### [Task to complete]
Starting at the first line of the data, print each line verbatim up to and including the line bearing "The Wicklow IV", omitting pictures.

### [Data for the task]

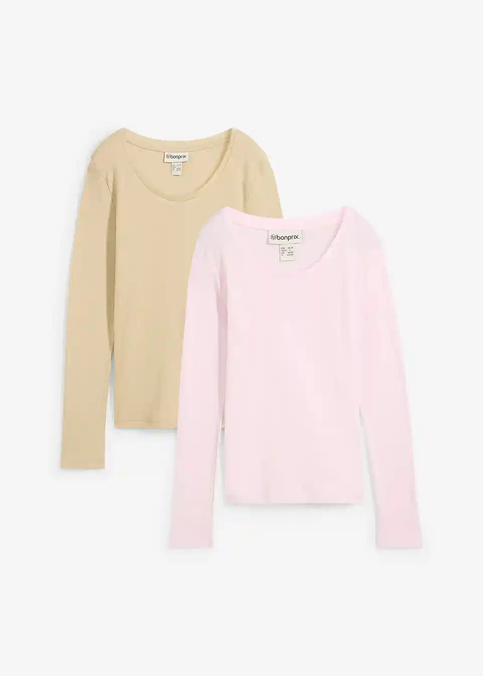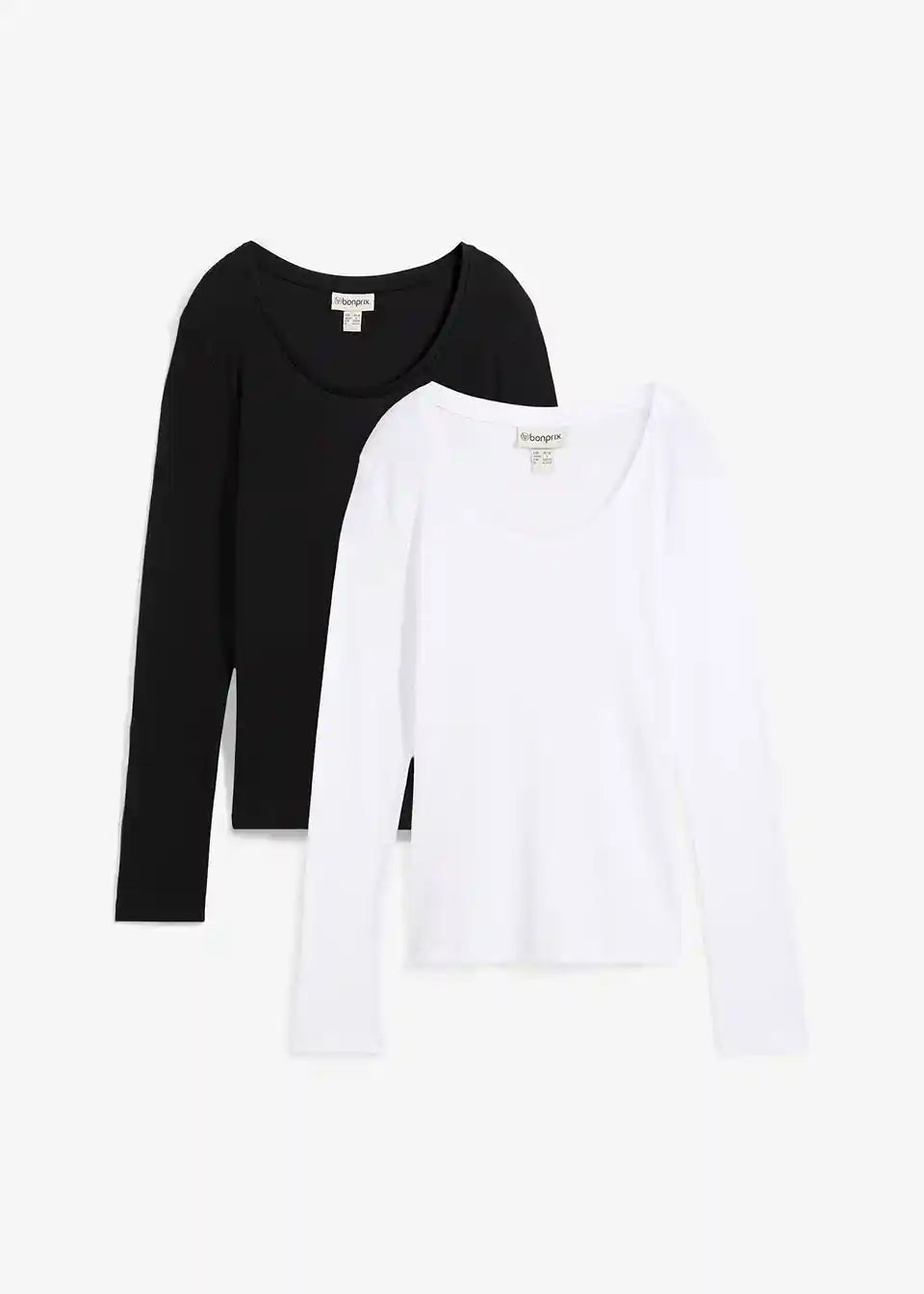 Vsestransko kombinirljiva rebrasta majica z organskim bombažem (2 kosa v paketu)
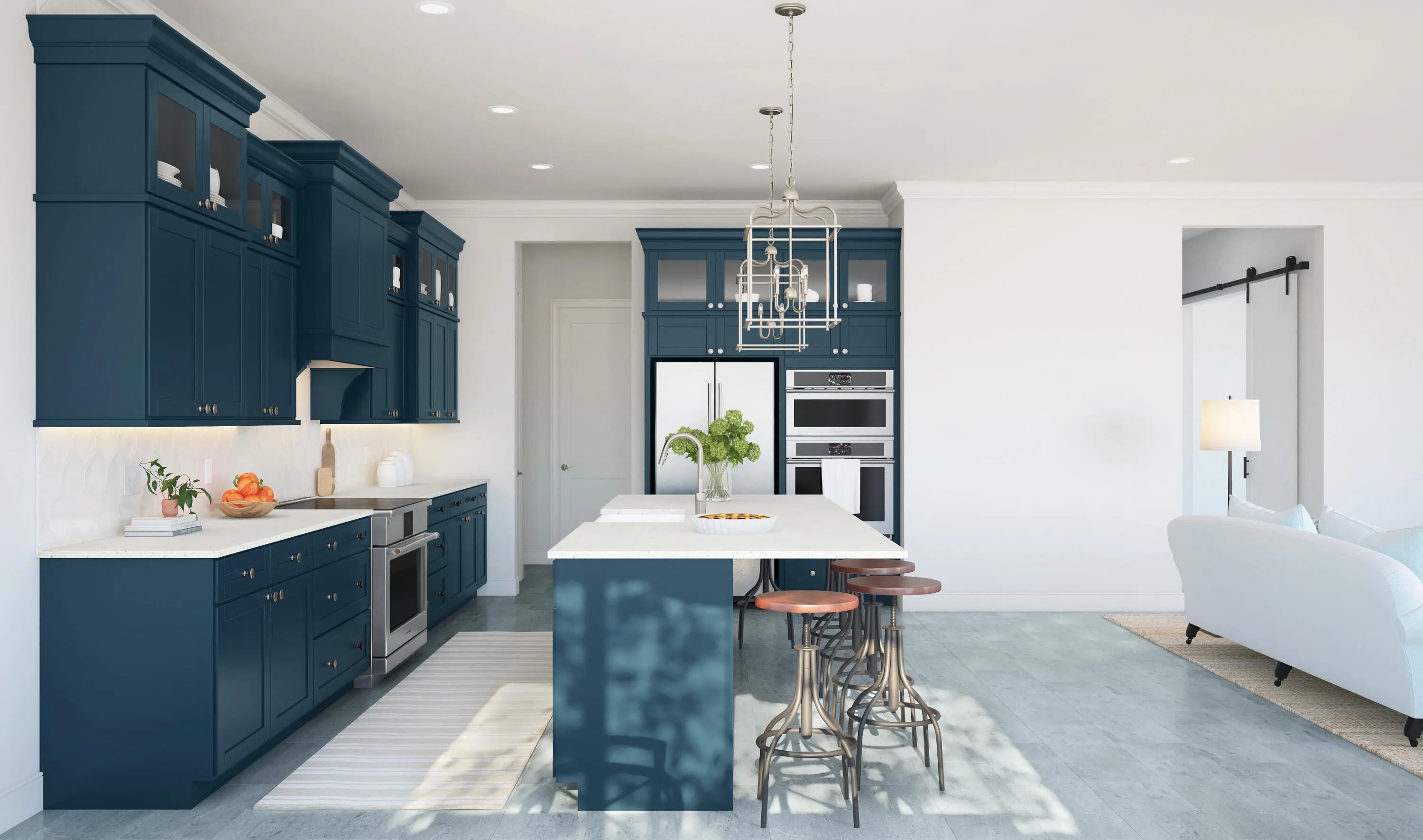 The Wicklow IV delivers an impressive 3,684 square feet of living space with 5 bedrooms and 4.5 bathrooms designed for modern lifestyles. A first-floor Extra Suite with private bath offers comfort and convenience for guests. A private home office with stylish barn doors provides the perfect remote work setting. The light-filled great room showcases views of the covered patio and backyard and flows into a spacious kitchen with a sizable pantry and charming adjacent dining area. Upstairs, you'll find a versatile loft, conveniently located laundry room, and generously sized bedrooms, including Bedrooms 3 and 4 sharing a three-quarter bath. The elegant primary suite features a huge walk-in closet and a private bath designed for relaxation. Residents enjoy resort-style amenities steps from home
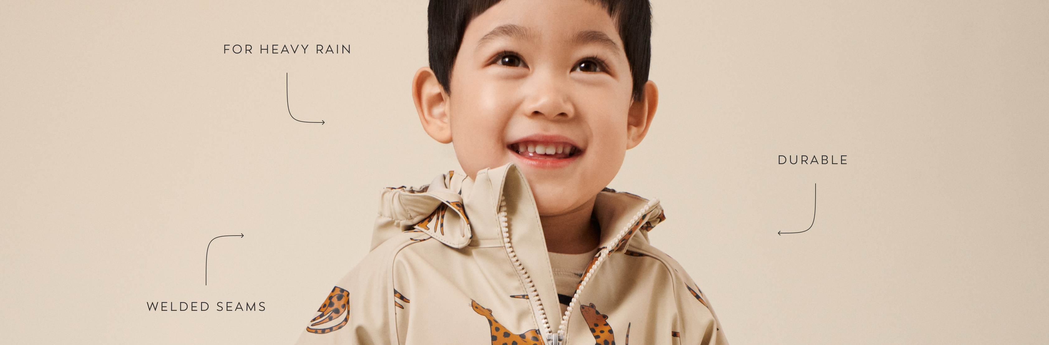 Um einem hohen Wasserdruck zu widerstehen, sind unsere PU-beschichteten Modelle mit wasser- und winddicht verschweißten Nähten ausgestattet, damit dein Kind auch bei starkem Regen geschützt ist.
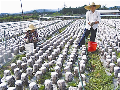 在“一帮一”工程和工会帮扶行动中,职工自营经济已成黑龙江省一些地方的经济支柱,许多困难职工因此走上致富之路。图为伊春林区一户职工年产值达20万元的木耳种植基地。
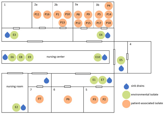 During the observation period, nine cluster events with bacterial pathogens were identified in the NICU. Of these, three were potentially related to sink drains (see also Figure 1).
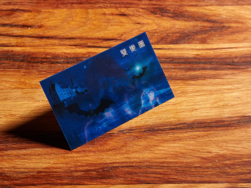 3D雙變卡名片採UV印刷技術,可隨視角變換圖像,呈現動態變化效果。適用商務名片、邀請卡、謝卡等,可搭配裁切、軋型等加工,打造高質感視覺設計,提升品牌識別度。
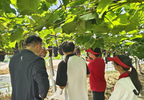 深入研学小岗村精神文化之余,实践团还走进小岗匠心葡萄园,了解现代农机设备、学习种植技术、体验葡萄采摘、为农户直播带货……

### [Solution to the exercise]
 Vsestransko kombinirljiva rebrasta majica z organskim bombažem (2 kosa v paketu)
 The Wicklow IV delivers an impressive 3,684 square feet of living space with 5 bedrooms and 4.5 bathrooms designed for modern lifestyles. A first-floor Extra Suite with private bath offers comfort and convenience for guests. A private home office with stylish barn doors provides the perfect remote work setting. The light-filled great room showcases views of the covered patio and backyard and flows into a spacious kitchen with a sizable pantry and charming adjacent dining area. Upstairs, you'll find a versatile loft, conveniently located laundry room, and generously sized bedrooms, including Bedrooms 3 and 4 sharing a three-quarter bath. The elegant primary suite features a huge walk-in closet and a private bath designed for relaxation. Residents enjoy resort-style amenities steps from home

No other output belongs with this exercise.